Formation et caractérisation physico-chimique des complexes ADN/chitosane pour la thérapie génique

La thérapie génique est un secteur biomédical en plein essor et de nombreux vecteurs nonviraux à partir de polymères cationiques ont été étudiés pour la livraison de gènes. Le système de livraison de gènes doit condenser l'ADN, le protéger contre la dégradation par les nucléases, faciliter son entrée dans les cellules et transporter l'ADN jusqu'au noyau pour permettre l'expression des gènes. Ce projet consiste à approfondir notre compréhension d'un système prometteur pour la livraison de gènes: les complexes ADN/chitosane. Les objectifs principaux de cette thèse étaient de déterminer les interactions qui régissent la formation des complexes ADN/chitosane, de caractériser leurs propriétés physico-chimiques et d'étudier leur stabilité afin d'établir une corrélation avec leur efficacité de transfection. Dans un premier temps, l'association entre le chitosane et un ADN plasmide en fonction du pH, du degré de désacétylation (DDA) et de la masse molaire (Mn) du chitosane a été étudiée par microcalorimétrie de titrage isotherme (ITC). Cette étude nous a permis de déterminer la constante d'interaction, l'enthalpie d'interaction et la stoechiométrie des complexes. Nous avons trouvé que l'interaction chitosane-ADN est couplée avec un transfert de protons du système tampon au chitosane. Le transfert de proton est occasionné par la nature fortement anionique de l'ADN qui facilite l'ionisation des amines du chitosane lors de la complexation. De plus, nous avons démontré que l'enthalpie d'interaction mesurée était entièrement due aux changements d'ionisation du chitosane et du tampon. Nous avons trouvé une constante d'interaction chitosane-ADN de l'ordre de 109-1010 M-1 et qui augmente avec la diminution du pH. Ceci est attribué aux interactions électrostatiques plus intenses lorsque le degré d'ionisation du chitosane est plus élevé. Nous avons également mesuré une augmentation par dix de la constante d'affinité pour une augmentation de la masse molaire du chitosane de 7 à 153 kDa. Cette constante varie peu pour un DDA compris entre 72% et 80% (~80 kDa). En revanche, un DDA variant de 80 à 93% augmente la constante d'affinité pour atteindre une valeur proche du chitosane avec un Mn de 153 kDa et un DDA de 80%. Ces résultats montrent qu'il est possible de contrôler l'affinité chitosane-ADN par le pH et les caractéristiques moléculaires du chitosane.

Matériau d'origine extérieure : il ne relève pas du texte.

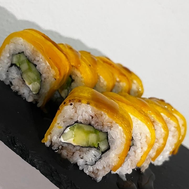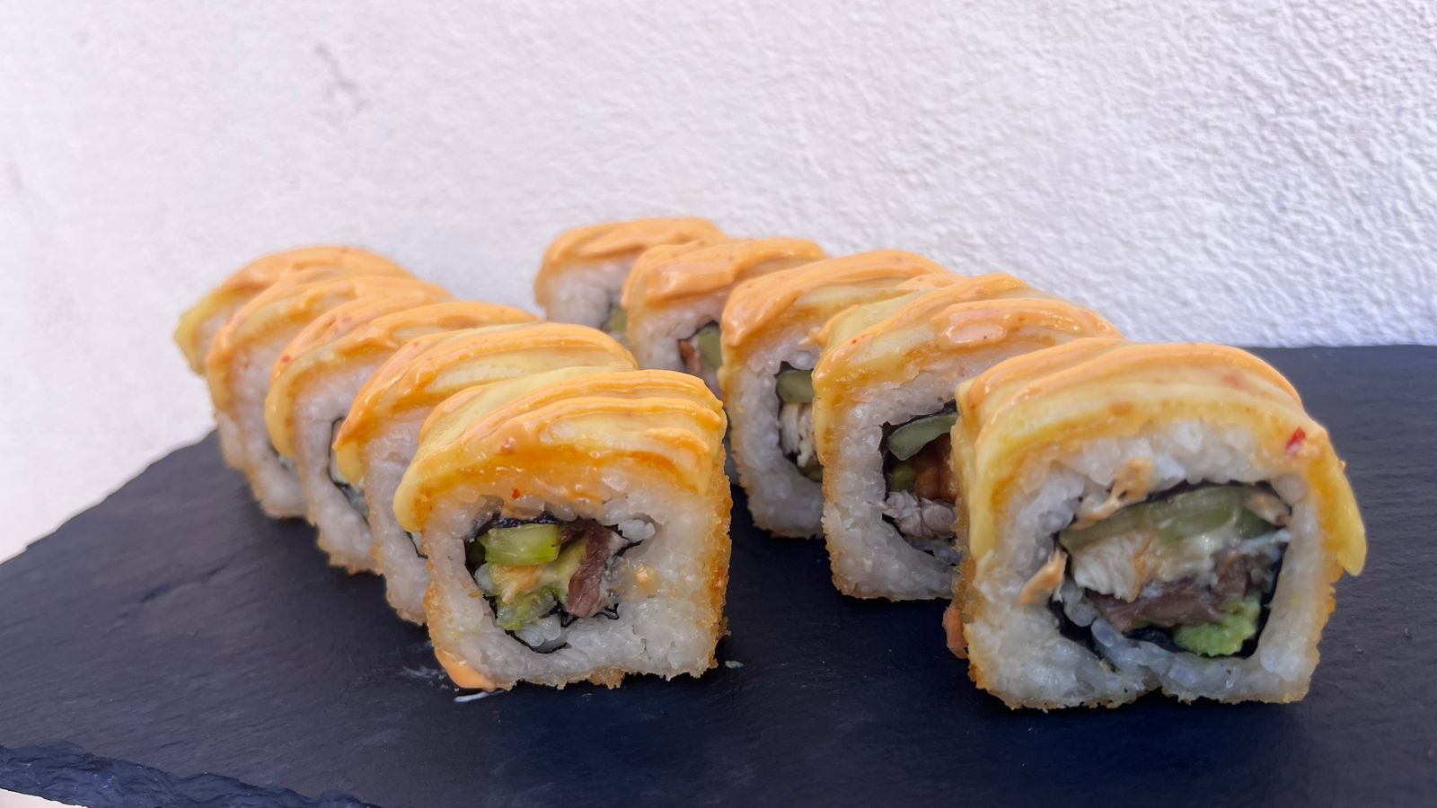 Por dentro (queso crema, pepino, aguacate, kakiage y queso manchego) por fuera (empanizado y rayado de aderezo chipotle).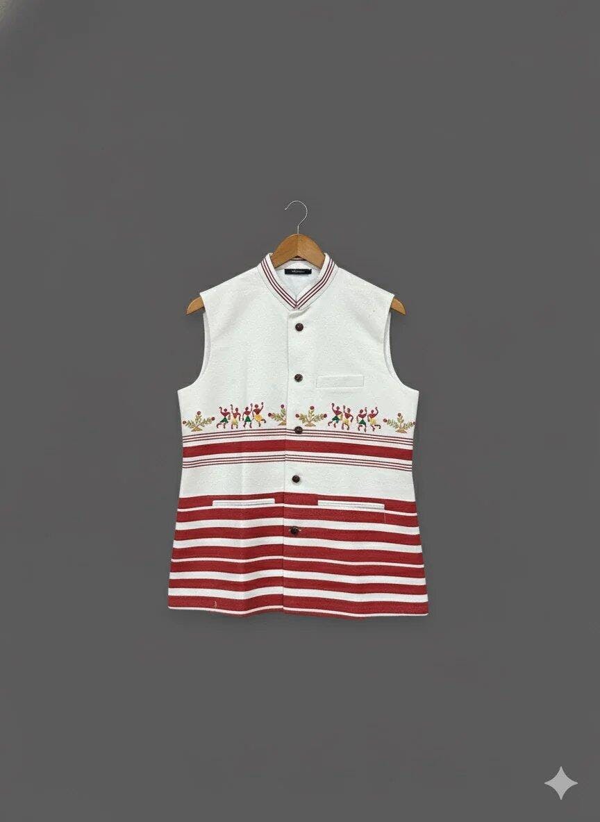 The bold red and white striped pattern adds a modern flair to the classic silhouette, while the Mandarin collar and button-down front maintain its timeless sophistication. Perfect for festive occasions, cultural events, or casual ethnic wear.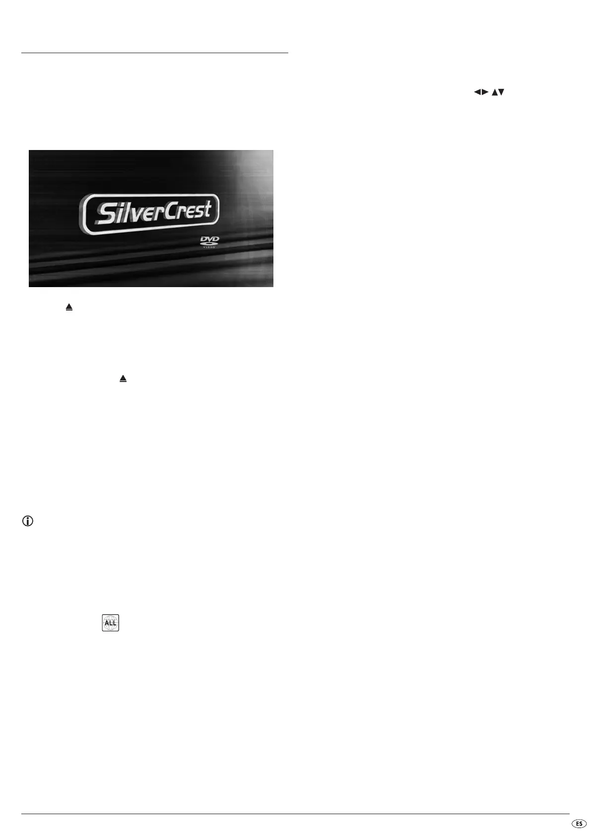 • Abra la bandeja de disco del frontal del reproductor de DVD y pulse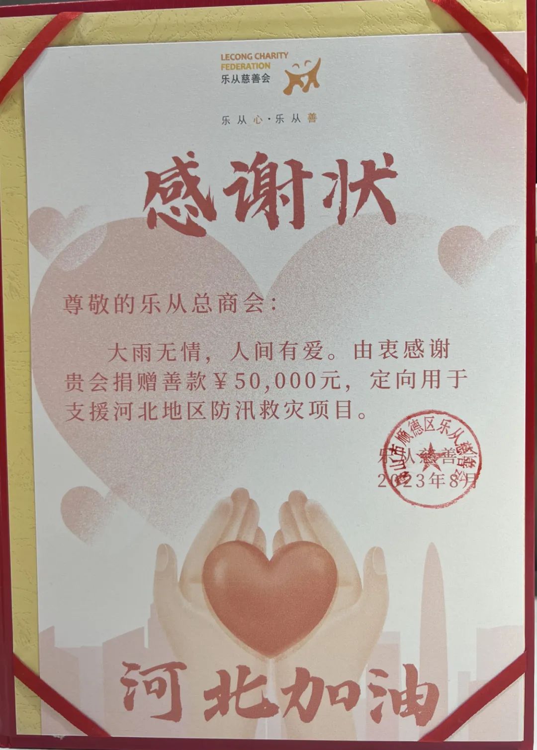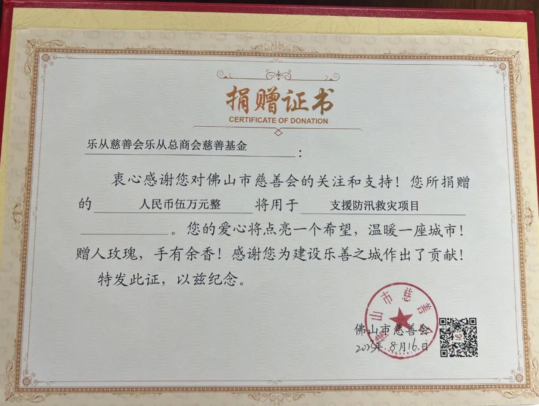 乐从慈善会发动镇内商协会等社会组织和热心企业参与,乐从慈善会乐从总商会慈善基金捐赠5万元,乐从慈善会乐从女企慈善基金捐赠5万元,美鸽天下“华康润”慈善基金、计通慈善基金各定向捐赠1万元。截至2023年8月11日17时,乐从慈善会筹集定向防汛救灾善款12万元,用慈心善举共同筑起爱的堤坝,共建美好家园。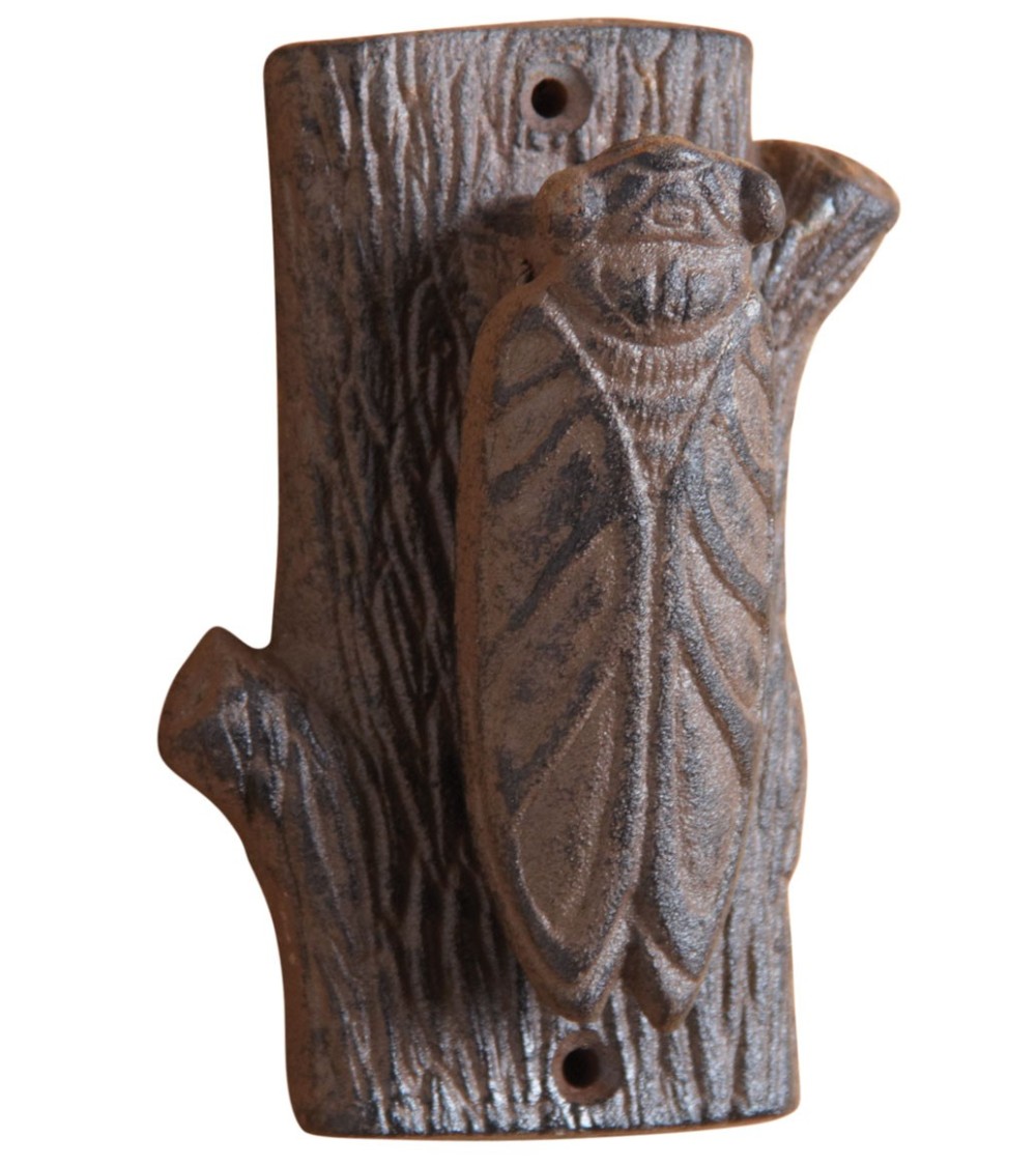 Aspect : Matériau principal : FonteDimensions : Hauteur (en cm) : 15Longueur (en cm) : 11Profondeur (en cm) : 7Autres caractéristiques : Poids (en kg) : 0,88 Heurtoir de porteEn fonteFinition antiqueDéco CigaleLongueur 11 cm , Largeur 7 cm , Hauteur 15 cm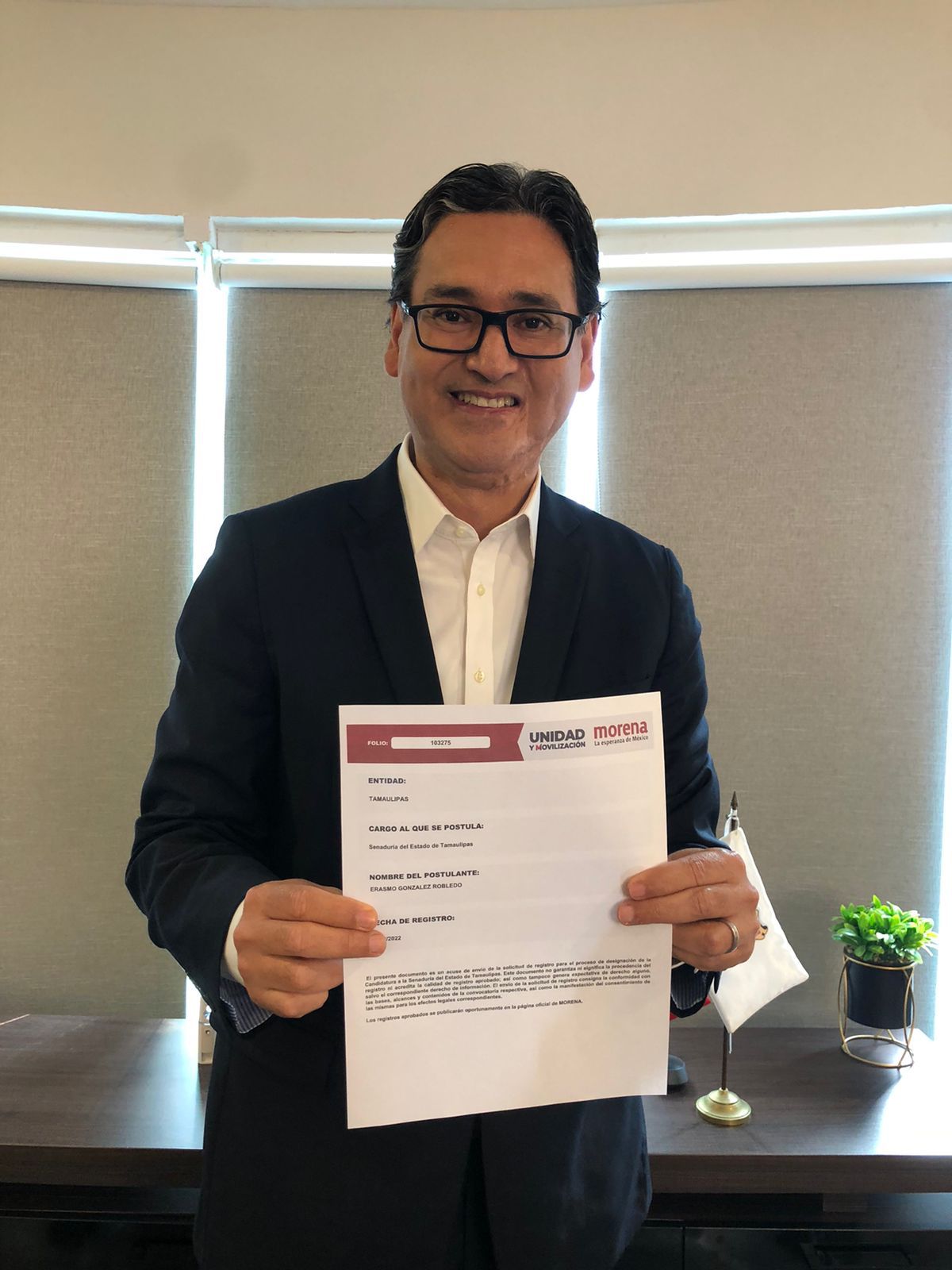 “Estoy muy contento de informarles que realicé mi registro como aspirante a la candidatura para el proceso federal extraordinario de la Senaduría por el Estado de Tamaulipas por nuestro partido MORENA.

Cette étude a démontré que la formation des complexes ADN/chitosane est gouvernée par des interactions électrostatiques.

Abstract

In the first part of this thesis, the interaction of chitosan with plasmid DNA was investigated as a function of pH, buffer composition, degree of deacetylation (DDA) and molecular weight of chitosan, using isothermal titration microcalorimetry (ITC). The chitosan- DNA interaction was shown to be coupled with proton transfer from the buffer to chitosan. This proton transfer is induced by the strong polyanionic nature of DNA which facilitates the ionization of glucosamines of chitosan upon binding. The measured enthalpy of binding was almost entirely due to the ionization changes of the buffer and of chitosan. The chitosan-DNA binding constant was found in the range of 109-1010 M-1. The binding constant was pHdependent and was greater at lower pH due to increased electrostatic attraction to DNA when chitosan is highly charged. The binding constant between chitosan and plasmid DNA was significantly influenced by molecular weight and by DDA. The electrostatic effects were found to dictate the binding of chitosan to DNA. The results of this study provide insights into previously measured dependence of transfection efficiencies of DNA/chitosan complexes on chitosan DDA and molecular weight, where a balance between complex stability and chitosan-DNA binding strength was suggested to play a critical role. In the second study, we report a new approach to characterize DNA/polycation complexes using asymmetrical flow field-flow fractionation (AF4) coupled online with UV/Vis spectroscopy, multi-angle light scattering (MALS), and dynamic light scattering (DLS). We demonstrated that this AF4 combined system can provide in a single measurement, three important physicochemical parameters of the complexes: the amount of unbound polycation, the hydrodynamic size of the complexes, and their size distribution. The accuracy of the particles sizes was confirmed by comparison with data from batch-mode DLS and scanning electron microscopy. Accurate quantification of unbound polycation can provide insight into the contribution of the free polycation in the process of gene delivery.